These include inherent compromises in the dual and competing goals of control effectiveness and safety for both officer and subject. A straight, fixed-length baton also commonly referred to as a "straightstick" is the oldest and simplest police baton design, known as far back as ancient Egypt.
They are often made of hardwood, but in modern times are available in other materials such as aluminium, acrylic, and dense plastics and rubber. Straightsticks tend to be heavier and have more weight concentrated in the striking end than other designs.
This makes them less maneuverable, but theoretically would deliver more kinetic energy on impact. Most agencies have replaced the straightstick with other batons because of inconvenience to carry, and a desire for their officers to look less threatening to the community they serve.
Despite having been replaced by side-handle and expandable batons in many if not most law enforcement agencies, straightsticks remain in use by many major departments in the US, such as the Baltimore , Denver , Sacramento , Long Beach , Santa Ana , Philadelphia , San Francisco , and Riverside Police Departments.
Side-handle batons sometimes referred to as T-batons or nightsticks are batons with a short side handle at a right angle to the shaft, about six inches from one end.

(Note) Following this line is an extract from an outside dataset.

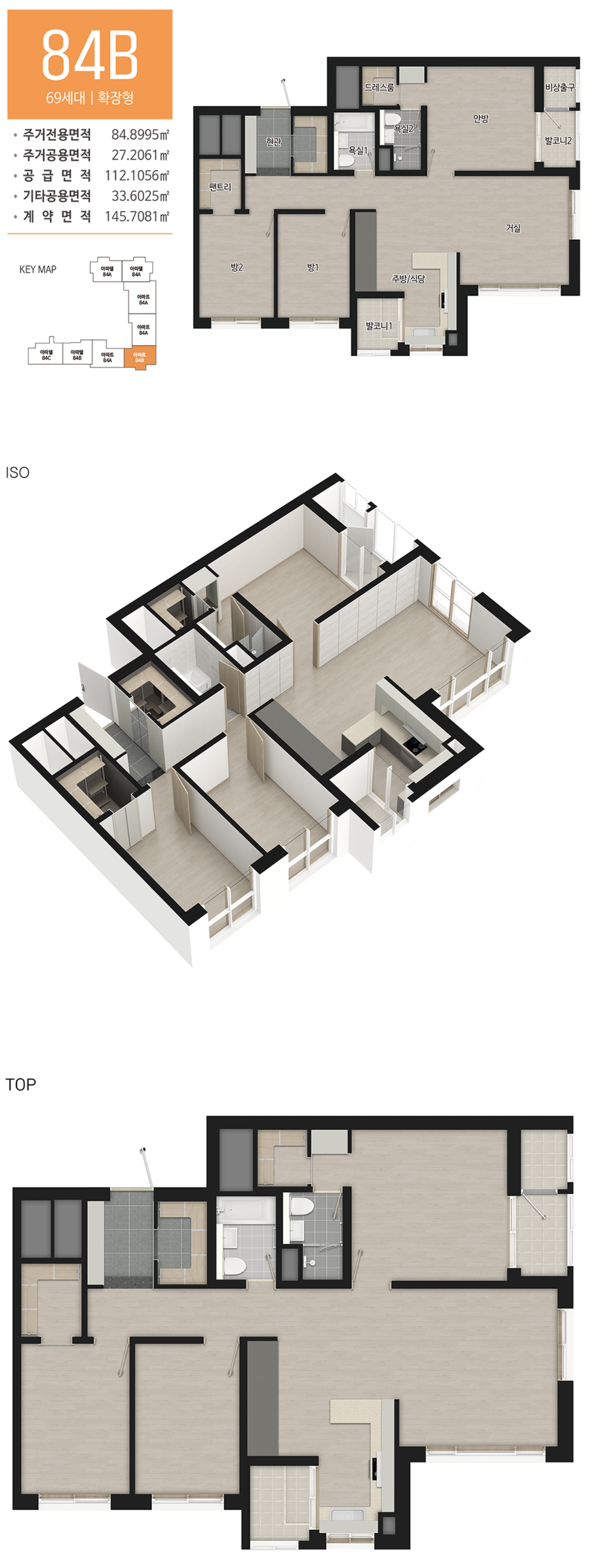 전용면적 84㎡ A타입과 B타입만 공급되며,

The best-known example is the Monadnock PR; "PR" has become a genericized trademark within the law enforcement and security communities for this type of product. Side-handle batons are made in both fixed and collapsible models and may be constructed from a range of materials including wood, poly-carbonate, epoxy, aluminium, or a combination of materials.

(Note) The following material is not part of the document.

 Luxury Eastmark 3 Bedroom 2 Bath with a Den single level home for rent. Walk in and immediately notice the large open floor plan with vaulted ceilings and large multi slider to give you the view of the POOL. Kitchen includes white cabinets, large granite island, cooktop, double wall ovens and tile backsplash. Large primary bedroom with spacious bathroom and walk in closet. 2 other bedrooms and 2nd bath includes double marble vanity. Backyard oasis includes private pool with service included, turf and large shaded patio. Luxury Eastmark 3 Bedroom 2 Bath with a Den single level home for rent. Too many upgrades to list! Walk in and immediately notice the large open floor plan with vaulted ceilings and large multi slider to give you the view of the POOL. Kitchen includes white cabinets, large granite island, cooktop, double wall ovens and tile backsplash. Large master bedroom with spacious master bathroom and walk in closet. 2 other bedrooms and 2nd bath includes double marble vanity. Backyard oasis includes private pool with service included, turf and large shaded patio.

Some side-handle batons are one-piece design; the side-handle component and primary shaft are permanently fused together during manufacturing. One-piece designs are potentially stronger than two-piece designs, and have no risk of having a locking screw loosen from its threads. Other side-handle batons are two-piece in design common among cheaper makes ; the side-handle component is screwed into the primary shaft.
The side handle may be removed from the shaft by the end-user, converting the side-handle into a straight baton. Side-handle batons have been involved in high-profile incidents of alleged police brutality , such as in New Zealand's Springbok Tour   and the Rodney King beating.
An expandable baton also referred to variously as a collapsible baton , telescopic [or telescoping ] baton , tactical baton , spring cosh , ASP , Extendable , or extendo [slang] is typically composed of a cylindrical outer shaft containing telescoping inner shafts typically 2 or 3, depending on the design that lock into each other when expanded.
The shafts are usually made of steel, but lightweight baton models may have their shafts made from other materials such as aluminium alloy. Expandable batons may have a solid tip at the outer end of the innermost shaft; the purpose of the solid tip is to maximize the power of a strike when the baton is used as an impact weapon. Expandable batons are made in both straight and side-handle configurations, but are considerably more common in the straight configuration. The best-known example of the straight expandable baton is the ASP Baton, from Armament Systems and Procedures ; so much so that it has become a genericized trademark within the law enforcement and security communities for this type of product.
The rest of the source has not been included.